What I know about finances can be written on the back of a postage stamp with a shaving brush. I know nothing about stocks, bonds, hedge funds, and derivatives—whatever those are. Indeed, I have the Midas Touch when it comes to speculating: everything I invest in turns into a muffler.
But I was pleased recently to learn a new word, permabear, an investor who believes that the market will inevitably and inexorably plummet. Maybe not today, maybe not tomorrow, but soon, and for the rest of your life. A permabear therefore stays out of the market, keeping their money under the metaphorical mattress. I have no data with which to back up the following assumption, but my guess is that folks who build bomb shelters and stockpile water, rice, and weapons are more likely to be permabears.
The problem with being a complete and utter permabear is that if you’re right and the market does indeed go to heck in a hand basket, then you end up in a bad financial position along with everyone else—jumping out of windows, cashing in your retirement account and taking the cash in your wheelbarrow to the bakery for a loaf of bread.
If the permabear is wrong and the market totters along without implosion or–gasp!–goes up, then the permabear has missed out on keeping up with inflation and their money is worth less. There goes that dream of retiring at age 82. Decades hence, the permabear can’t buy a $47 box of Frosted Flakes with 2024 dollars.
Lots of folks are permabears with their children, believing that the kids aren’t going to amount to anything. When I was your age—a disapproving father squawks at his adolescent son—I was 27 years old already. Again, there’s no good ending. Either the kids continue to not live up to expectations and who wants that? Or the kids do well in which case permabear parenting is just hopelessly wrong.
Speaking of inept parenting, notice how the more noise a parent makes, the less oxygen there is for their child to use. The occasional family origin story has its place, we emigrated with the clothes on our backs, a family photograph, and The Karate Monkey Joke sewed into the lining of your grandmother’s skirt. But incessant reminders of how hard life was don’t allow children to find their own voice, articulate their own experiences, believe that their lives also have meaning. “We had it tough” should make kids appreciative. Instead, a repeated narrative of deprivation might make a child feel that their experience is neither real nor important.
Kids have been tuning out for generations. Could part of the reason that kids reject our narrative be that they’ve heard it so loudly and so frequently? Could they be tired of quotidian reminders of how they should think like us, feel like us, be like us?
Comparisons are odious because thinking somebody else’s child is always greener doesn’t just make the parent feel miserable. Accepting your kid for who she is—imperfections, limitations, and all–makes for an easier life, both yours and your child’s.
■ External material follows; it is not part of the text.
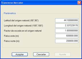 La latitud y longitud se deben especificar en grados decimales y el Este en el falso origen y Norte en el falso origen en metros.

At the risk of noting a politically volatile issue, while income disparity is certainly morally repugnant, the least of us in this country in 2024 has access to miraculous medicine, technology, and opportunity for which the wealthiest in midlevel times could only dream. The likelihood that your child or your partner will die in childbirth is, to a first approximation, zero. Whereas in Shakespeare’s time, children weren’t baptized until their first birthday because there was every possibility that the baby would succumb to a host of diseases for which Londoners had neither names nor understanding, an infectious model of disease some two and a half centuries in the future.
If you must look over the fence into the life of your neighbor’s child, at least consider using the lens of Hans in Luck from 1812. As you remember from you parent reading to you or from your telling the story to your child, Hans trades his wages—paid in silver in those days–for a horse. He swaps the horse for a cow, the cow for a goose, the goose for a stone, and is pleased when the stone sinks into the river. Hans ends up with nothing. You are doing so much better with your child than Hans was.
Was Hans the precursor of modern day permabears? Jacob and Wilhelm Grimm didn’t say. The brothers mention just how bad parent child relations could get—stepmothers sending their kids off to get lost in the woods, princesses pricking their fingers and snoozing for a hundred years–enough misery to keep generations of children trembling under the covers long past bedtime.
If you must compare your situation with the seven-foot-tall, impossibly attractive, polyglot, valedictorian next door, think not of the student council president, star quarterback, voted most popular, handsome kid. Consider instead the severely autistic 17-year-old, still in diapers who hits himself in the head hard enough to bleed all over the car on the way to the facility, the young adult who needs round-the-clock care, the kid who will never smile, say thank you, or go to the bathroom by himself.
A healthy child, even one without an A in algebra, is as good as it gets.
Be grateful for what you have–a neurotypical child with ten fingers and ten toes—which, if you remember, was exactly what you promised was all you would ever ask for when the contractions started coming every three minutes.
Again, I don’t know anything about investing. But I’m convinced that permabear parenting is a one-way ticket to the intersection of Disappointment Street and Missed Opportunity Avenue.
Now stop reading this lengthy blog post and go take your kids to the park and throw a ball with them. Because whatever the market does, whatever and where ever the kids end up, this day will not come again.